Slowly, painfully, Caia peeled her eyes open. She was lying in her bed. Lucien was sitting beside her, her wrists clasped gently in his hands. He had a blood smear on his cheek and his eyes were filled with something she had never seen before.

Lucien was scared.

She tried to reach for his cheek, concerned. “You’re bleeding.”

He just shook his head. “Not my blood.”

“Sss,” she hissed, another rip of pain lancing across her stomach. “Daemon.”

“You do remember.”

Yeah, she remembered alright. The bastard tore her stomach open. She tried to pull at her wrists to inspect her wound but Lucien held firm.

“My stomach, Lucien,” she complained, hating the fear in her voice.

“It’s OK. Marion closed the wound but you’re still weak from blood loss, not to mention burning a fever.”

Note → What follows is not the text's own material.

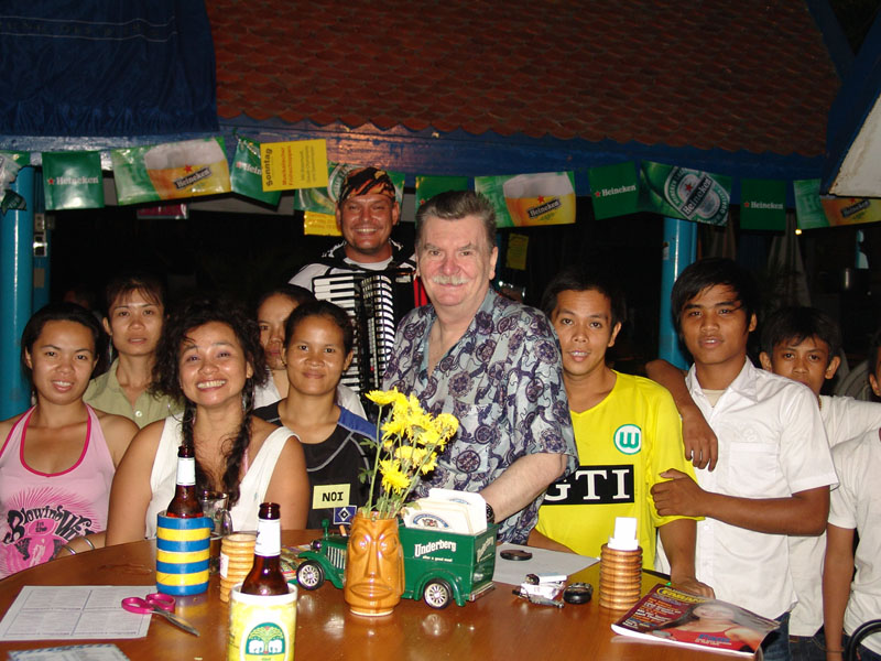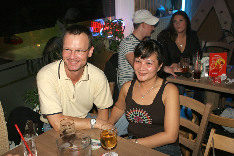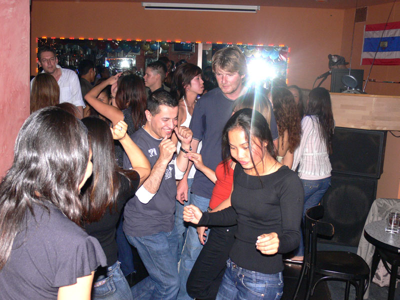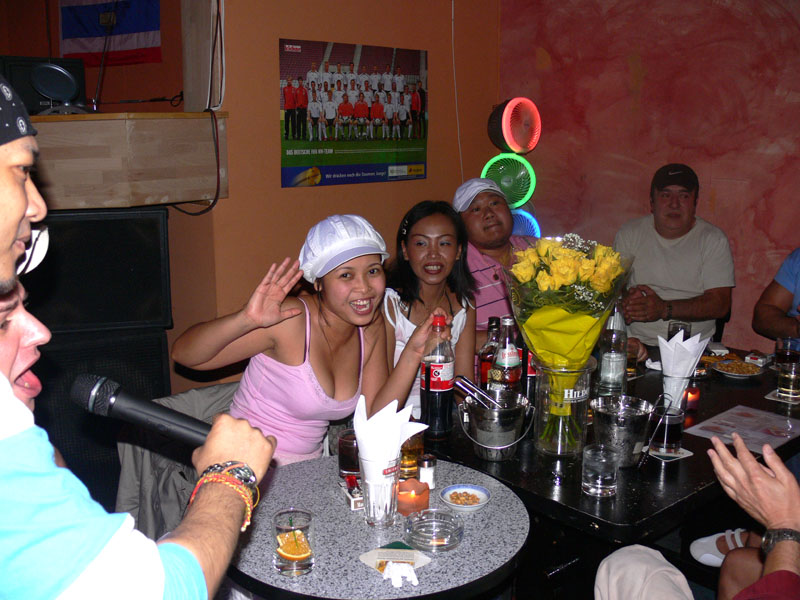 Gegen 23.00 Uhr war nach längerer Zeit mal wieder ein Besuch im R.C.A. in der Schierker Straße angesagt (siehe Fotoleiste rechts). Hat mir doch jemand geflüstert, dass ein bekannter Thai-Sänger vorübergehend dort seine Stimme erhebt. Stimmt! Nach dem Motto: Mit der Klampfe in der Hand sing ich mich durchs ganze Land. Aber Spaß bei Seite: wirklich, der Junge spielt klassische Gitarre, die an einen Verstärker angeschlossen ist. Seine Kehle umfasst die ganze Notenskala. Sein Repertoire beinhaltet thailändische und englische Lieder. Dementsprechend heftig war auch die Party, die ohne besonderen Anlass gefeiert wurde. Ausgelassen getanzt auch mit Lilly, der freundlichen Chefin. War einfach prima.

Caia slumped back against her pillows, exhausted from that little attempt at movement and in a blinding agony that rippled through all her nerve endings. She curled her toes down into the mattress her fingers mirroring the action, as if anchoring into the bed would take away the pain. “Where is Marion? I think I need drugs.”

He chuckled softly, letting go of her hands and tenderly brushing her hair back from her face. She opened her eyes to gaze up at him as he bent over her, and again she was taken aback by the emotion roiling in his silver gaze and off of his body. “She’ll be here soon. She’s cleaning up the mess you made in the mall lot.”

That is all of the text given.